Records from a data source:

-*-

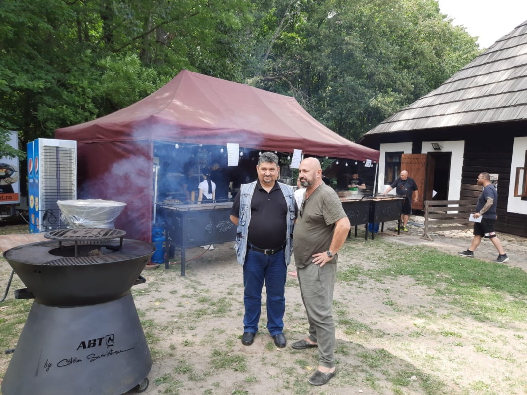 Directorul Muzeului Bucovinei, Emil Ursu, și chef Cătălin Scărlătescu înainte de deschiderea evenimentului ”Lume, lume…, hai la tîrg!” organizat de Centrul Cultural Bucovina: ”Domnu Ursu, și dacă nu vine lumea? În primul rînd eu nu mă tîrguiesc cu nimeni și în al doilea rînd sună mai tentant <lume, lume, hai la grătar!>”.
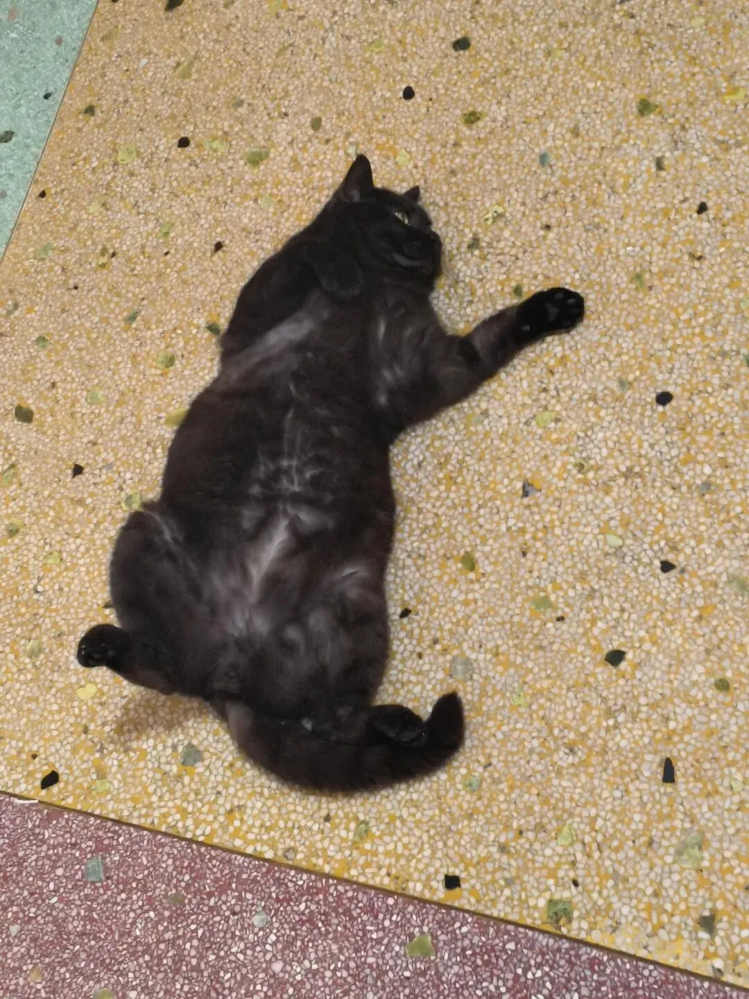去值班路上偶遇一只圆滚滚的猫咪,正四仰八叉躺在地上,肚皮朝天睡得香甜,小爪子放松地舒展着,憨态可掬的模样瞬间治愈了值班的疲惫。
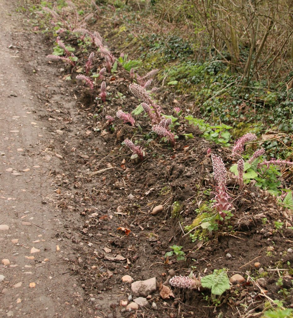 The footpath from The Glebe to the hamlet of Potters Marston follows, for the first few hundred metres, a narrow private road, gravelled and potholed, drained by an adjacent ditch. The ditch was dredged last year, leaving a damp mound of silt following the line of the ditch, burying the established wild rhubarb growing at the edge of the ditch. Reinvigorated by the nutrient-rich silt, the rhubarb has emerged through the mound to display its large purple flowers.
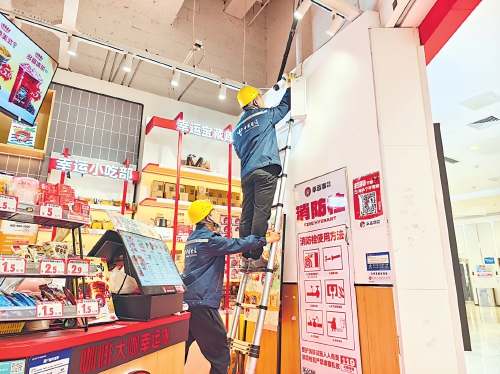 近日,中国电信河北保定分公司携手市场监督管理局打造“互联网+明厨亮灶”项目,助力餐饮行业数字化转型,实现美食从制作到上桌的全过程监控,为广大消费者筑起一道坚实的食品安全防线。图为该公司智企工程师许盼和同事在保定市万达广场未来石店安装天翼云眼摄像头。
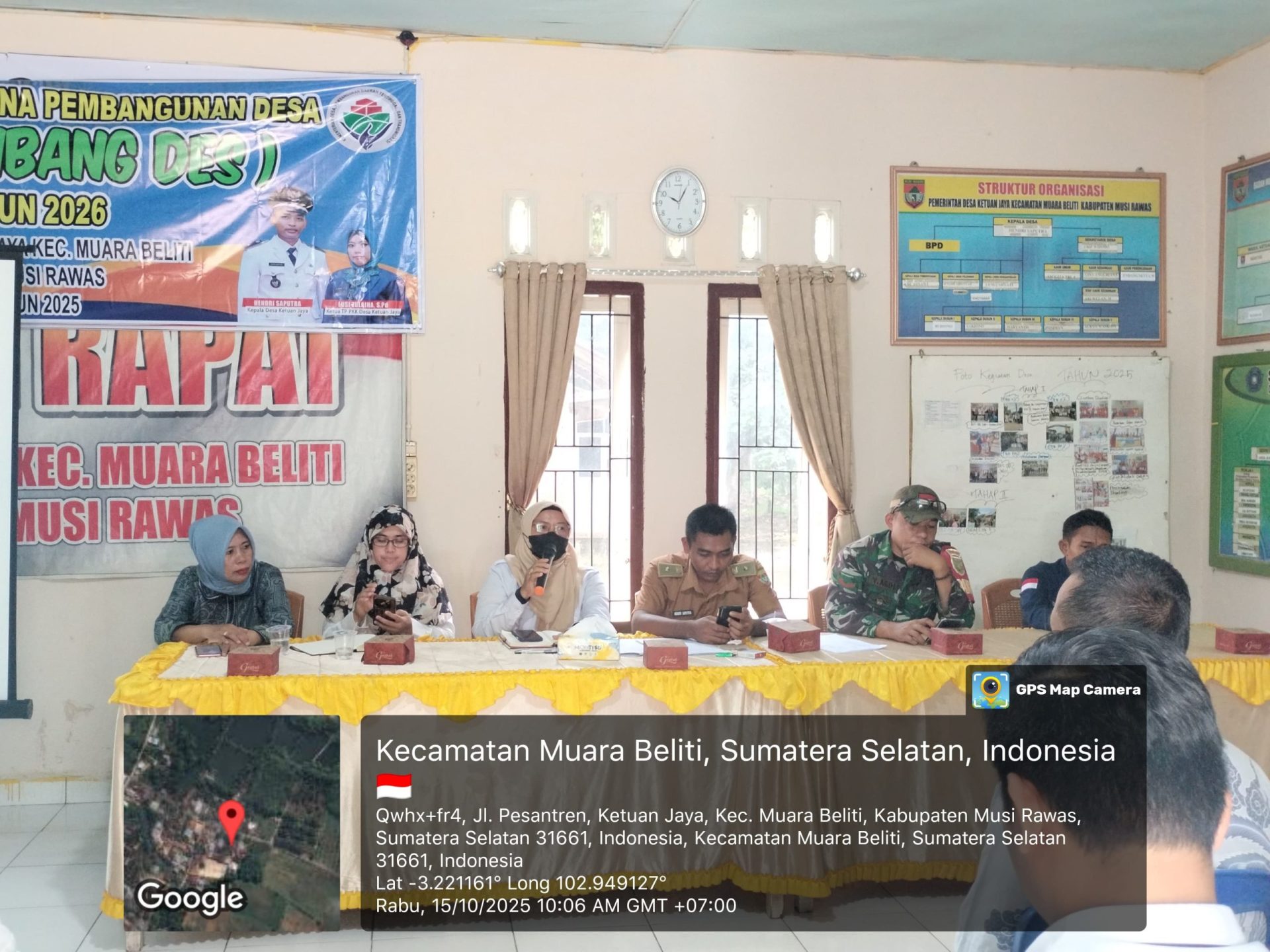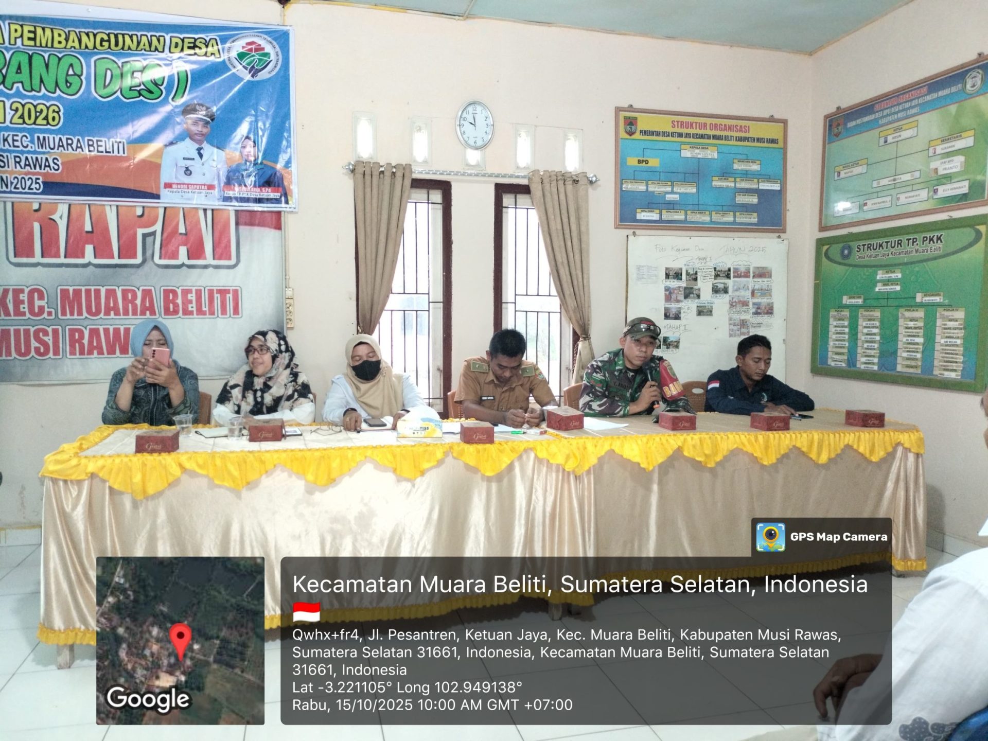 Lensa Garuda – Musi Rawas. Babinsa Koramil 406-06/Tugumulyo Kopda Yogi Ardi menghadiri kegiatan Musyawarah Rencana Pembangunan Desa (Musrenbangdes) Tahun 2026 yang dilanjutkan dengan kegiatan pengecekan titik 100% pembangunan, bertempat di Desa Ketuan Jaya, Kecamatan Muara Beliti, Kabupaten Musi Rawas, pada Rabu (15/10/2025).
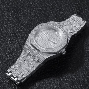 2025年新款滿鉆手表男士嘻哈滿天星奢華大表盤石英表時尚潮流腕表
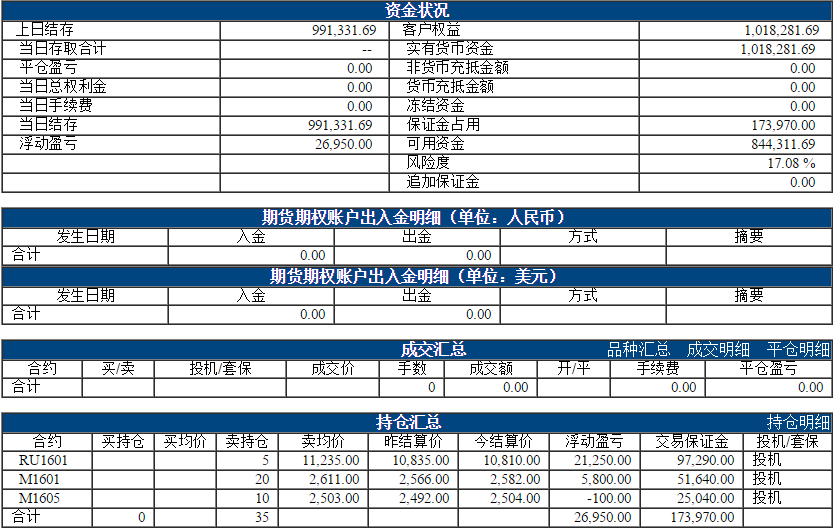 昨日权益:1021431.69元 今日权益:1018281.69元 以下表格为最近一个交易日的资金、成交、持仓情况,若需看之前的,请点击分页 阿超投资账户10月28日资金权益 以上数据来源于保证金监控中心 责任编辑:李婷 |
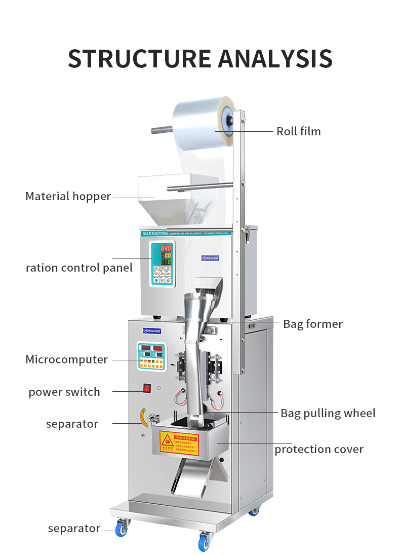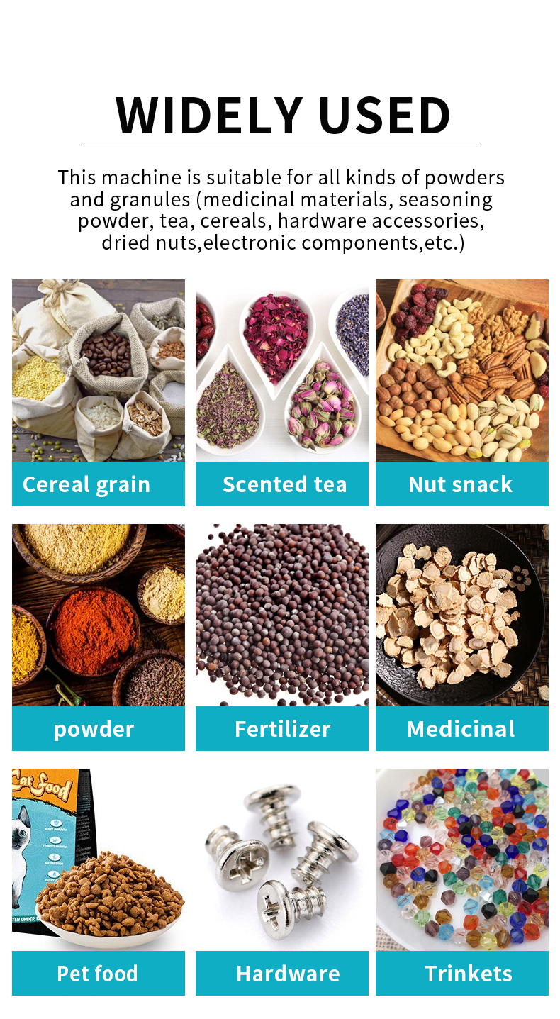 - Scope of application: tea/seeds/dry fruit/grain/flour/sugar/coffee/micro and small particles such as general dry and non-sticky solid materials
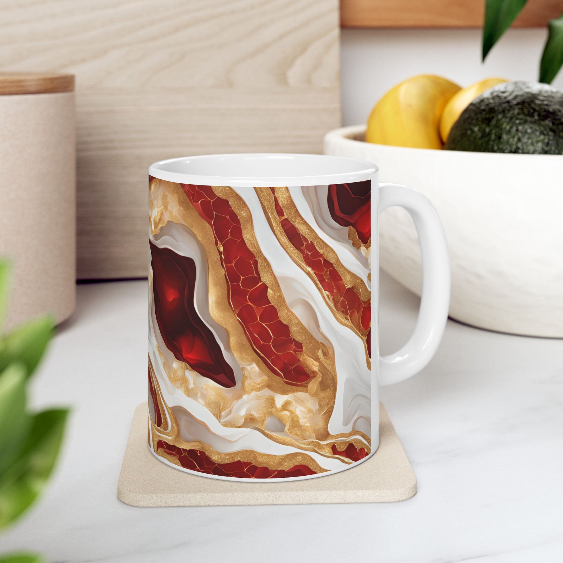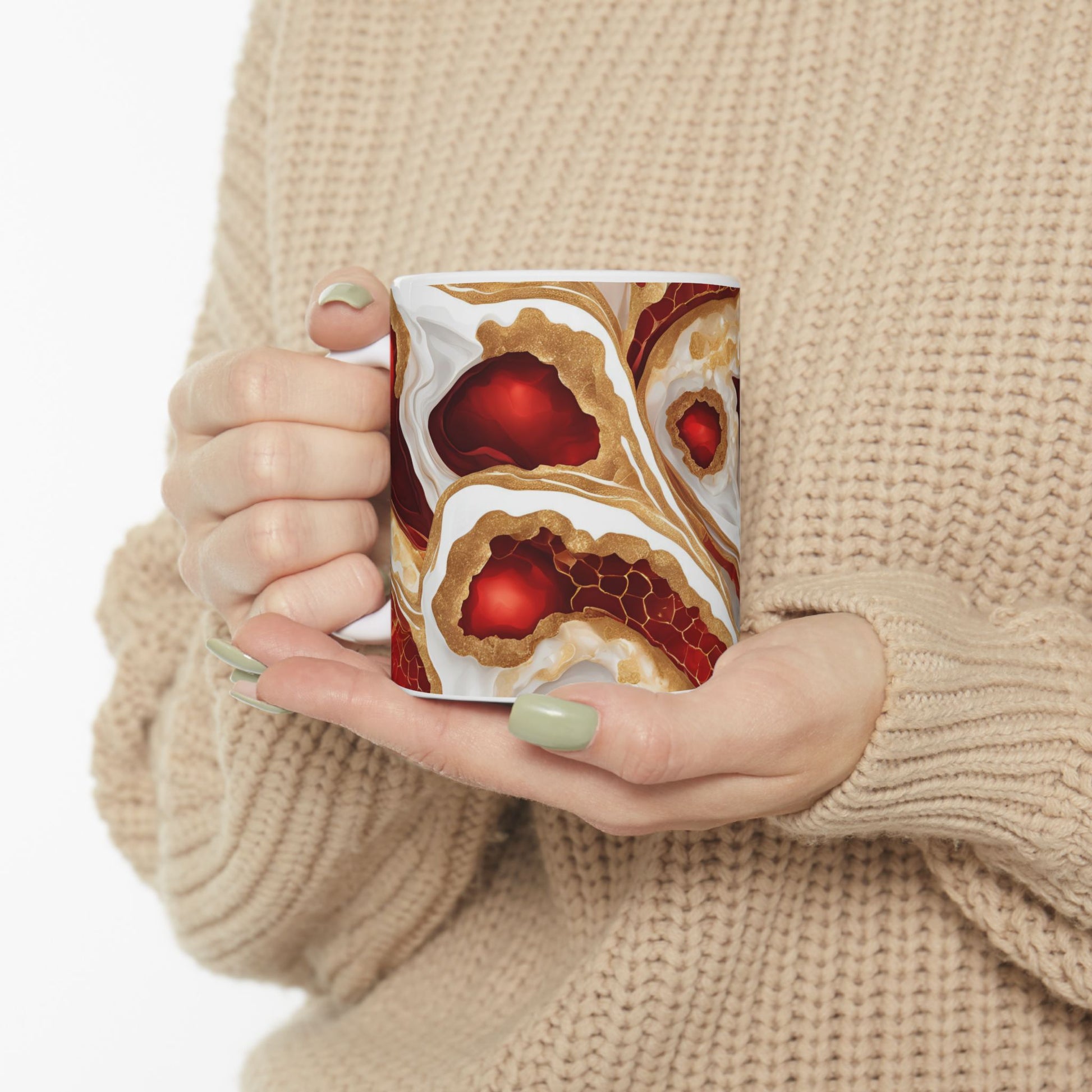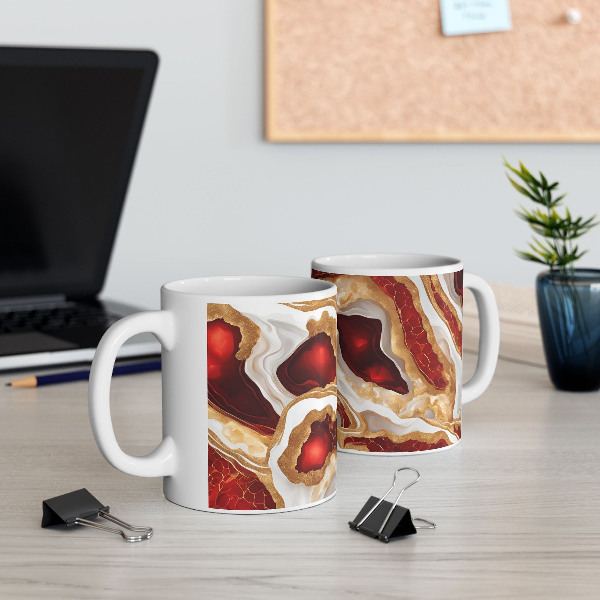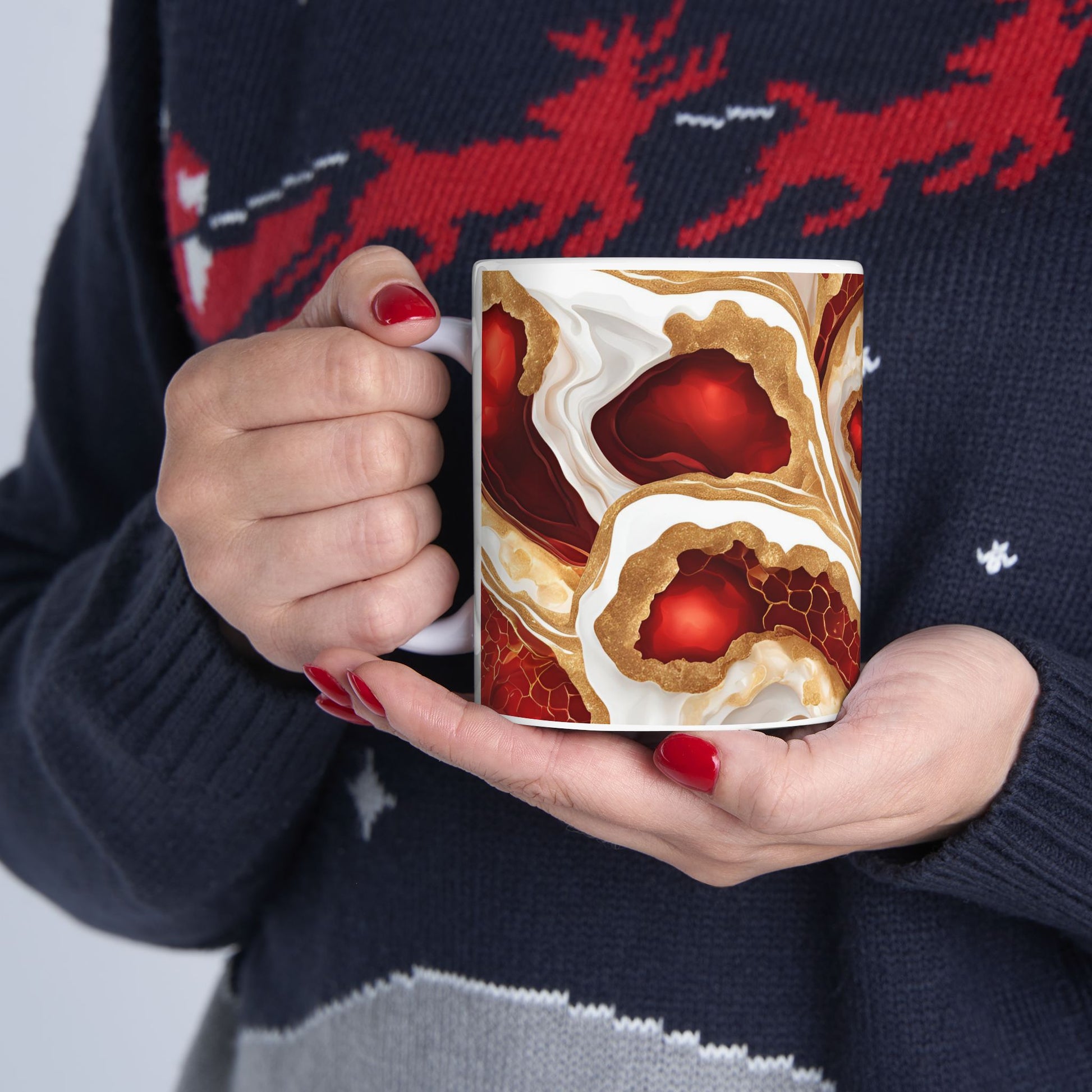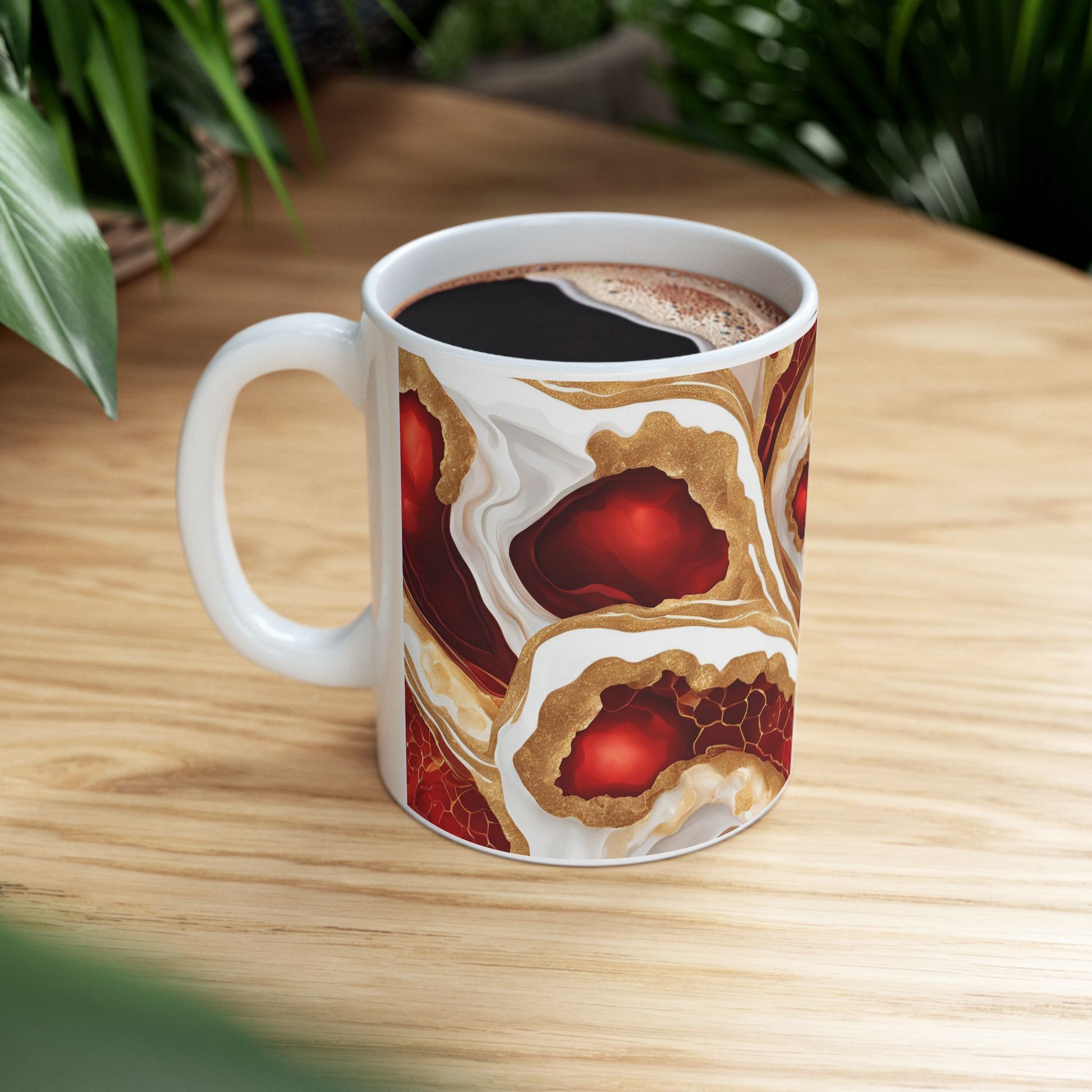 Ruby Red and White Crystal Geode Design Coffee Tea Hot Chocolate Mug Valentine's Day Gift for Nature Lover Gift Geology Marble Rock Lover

-*-

## What you will do
Every line from the one with "Lensa Garuda –" through the last line of the data must be copied exactly. Leave the pictures out.

## Answer space
 Lensa Garuda – Musi Rawas. Babinsa Koramil 406-06/Tugumulyo Kopda Yogi Ardi menghadiri kegiatan Musyawarah Rencana Pembangunan Desa (Musrenbangdes) Tahun 2026 yang dilanjutkan dengan kegiatan pengecekan titik 100% pembangunan, bertempat di Desa Ketuan Jaya, Kecamatan Muara Beliti, Kabupaten Musi Rawas, pada Rabu (15/10/2025).
 2025年新款滿鉆手表男士嘻哈滿天星奢華大表盤石英表時尚潮流腕表
 昨日权益:1021431.69元 今日权益:1018281.69元 以下表格为最近一个交易日的资金、成交、持仓情况,若需看之前的,请点击分页 阿超投资账户10月28日资金权益 以上数据来源于保证金监控中心 责任编辑:李婷 |
 - Scope of application: tea/seeds/dry fruit/grain/flour/sugar/coffee/micro and small particles such as general dry and non-sticky solid materials
 Ruby Red and White Crystal Geode Design Coffee Tea Hot Chocolate Mug Valentine's Day Gift for Nature Lover Gift Geology Marble Rock Lover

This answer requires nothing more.